Dalam konteks inklusif, pembelajaran mendalam hanya dapat terwujud jika guru didukung oleh sistem manajemen yang kuat, kolaboratif, dan adaptif. Teknologi digital berperan sebagai penghubung antara prinsip inklusivitas dan praktik pembelajaran bermakna.
“Integrasi teknologi digital memungkinkan penguatan kompetensi pedagogik guru dan mendukung pengambilan keputusan berbasis data dalam layanan pendidikan inklusif,” tulis Laili Komariyah dari Universitas Mulawarman dalam artikelnya.

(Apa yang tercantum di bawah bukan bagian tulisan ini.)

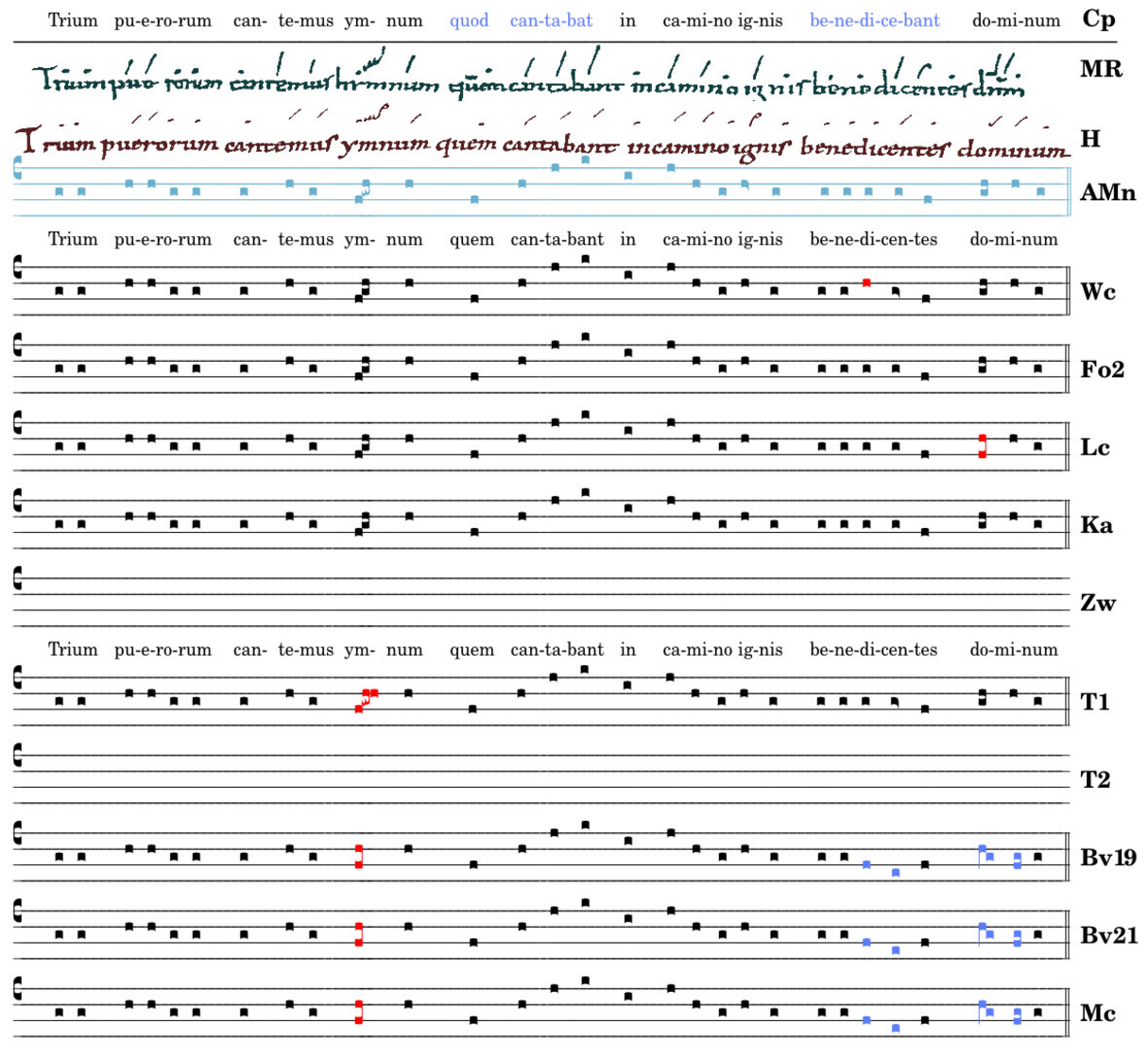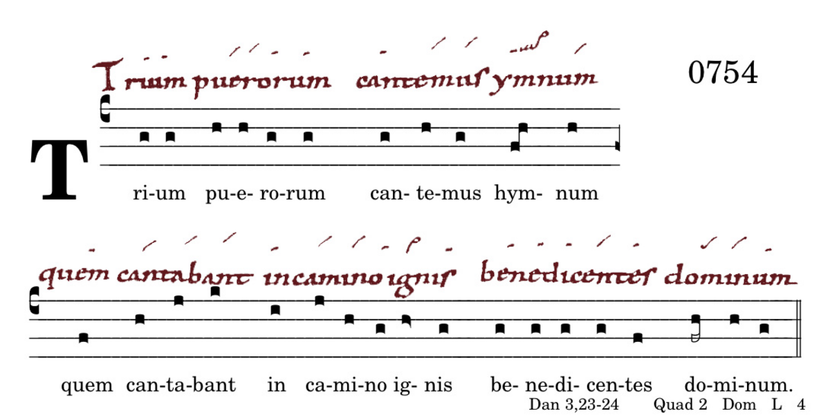 Trium puerorum / cantemus hymnum / quem cantabant / in camino ignis / benedicentes dominum.

Implikasi bagi Sekolah dan Pembuat Kebijakan
Temuan ini memiliki implikasi luas bagi dunia pendidikan Indonesia. Bagi sekolah, penelitian ini menekankan pentingnya:
- Mengembangkan sistem manajemen guru dan staf berbasis digital,
- Meningkatkan literasi digital pendidik dan tenaga kependidikan, serta
- Membangun budaya kolaborasi yang didukung teknologi.
Bagi pembuat kebijakan, hasil kajian ini menjadi dasar penting untuk merumuskan kebijakan afirmatif yang mendorong digitalisasi manajemen sekolah inklusif. Dukungan terhadap infrastruktur teknologi, pelatihan berkelanjutan, dan sistem manajemen terpadu menjadi kunci keberhasilan.
Tanpa langkah strategis ini, pendidikan inklusif berisiko berhenti pada tataran konsep, tanpa mampu menjamin kualitas dan keadilan pembelajaran bagi semua peserta didik.